**What needs to be done**
The line containing "وَكَتَبَ عُمَرُ بْنُ" and each line after it, through the final line of the data, are to be retyped exactly, with pictures left out.

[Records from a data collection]
***
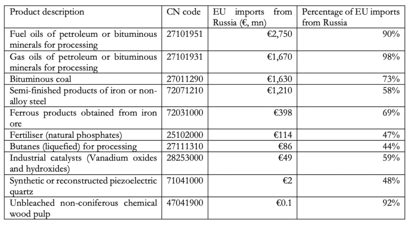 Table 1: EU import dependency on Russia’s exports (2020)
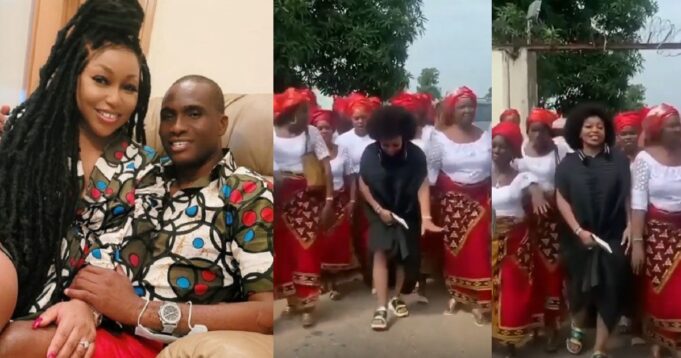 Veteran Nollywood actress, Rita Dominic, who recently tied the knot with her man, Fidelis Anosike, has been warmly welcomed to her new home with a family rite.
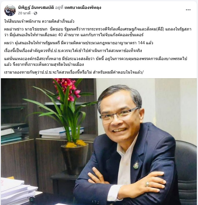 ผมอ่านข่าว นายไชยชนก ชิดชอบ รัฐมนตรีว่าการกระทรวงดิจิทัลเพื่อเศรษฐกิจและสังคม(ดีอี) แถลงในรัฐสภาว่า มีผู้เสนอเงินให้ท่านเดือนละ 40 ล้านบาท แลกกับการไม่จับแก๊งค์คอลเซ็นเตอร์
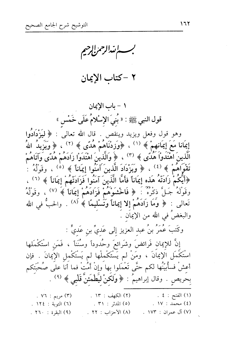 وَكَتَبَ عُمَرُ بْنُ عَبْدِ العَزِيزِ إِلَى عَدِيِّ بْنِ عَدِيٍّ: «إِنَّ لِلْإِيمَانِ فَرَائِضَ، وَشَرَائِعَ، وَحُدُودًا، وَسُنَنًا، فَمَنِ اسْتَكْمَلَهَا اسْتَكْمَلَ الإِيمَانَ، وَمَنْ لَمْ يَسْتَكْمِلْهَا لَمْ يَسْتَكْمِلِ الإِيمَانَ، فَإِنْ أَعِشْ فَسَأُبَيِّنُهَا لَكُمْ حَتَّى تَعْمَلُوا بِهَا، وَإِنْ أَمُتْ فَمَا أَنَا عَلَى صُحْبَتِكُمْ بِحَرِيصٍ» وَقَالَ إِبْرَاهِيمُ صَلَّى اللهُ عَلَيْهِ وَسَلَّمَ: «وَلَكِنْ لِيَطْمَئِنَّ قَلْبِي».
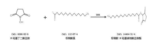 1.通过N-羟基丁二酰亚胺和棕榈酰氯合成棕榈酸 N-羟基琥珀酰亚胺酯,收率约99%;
***
**The answer**
 وَكَتَبَ عُمَرُ بْنُ عَبْدِ العَزِيزِ إِلَى عَدِيِّ بْنِ عَدِيٍّ: «إِنَّ لِلْإِيمَانِ فَرَائِضَ، وَشَرَائِعَ، وَحُدُودًا، وَسُنَنًا، فَمَنِ اسْتَكْمَلَهَا اسْتَكْمَلَ الإِيمَانَ، وَمَنْ لَمْ يَسْتَكْمِلْهَا لَمْ يَسْتَكْمِلِ الإِيمَانَ، فَإِنْ أَعِشْ فَسَأُبَيِّنُهَا لَكُمْ حَتَّى تَعْمَلُوا بِهَا، وَإِنْ أَمُتْ فَمَا أَنَا عَلَى صُحْبَتِكُمْ بِحَرِيصٍ» وَقَالَ إِبْرَاهِيمُ صَلَّى اللهُ عَلَيْهِ وَسَلَّمَ: «وَلَكِنْ لِيَطْمَئِنَّ قَلْبِي».
 1.通过N-羟基丁二酰亚胺和棕榈酰氯合成棕榈酸 N-羟基琥珀酰亚胺酯,收率约99%;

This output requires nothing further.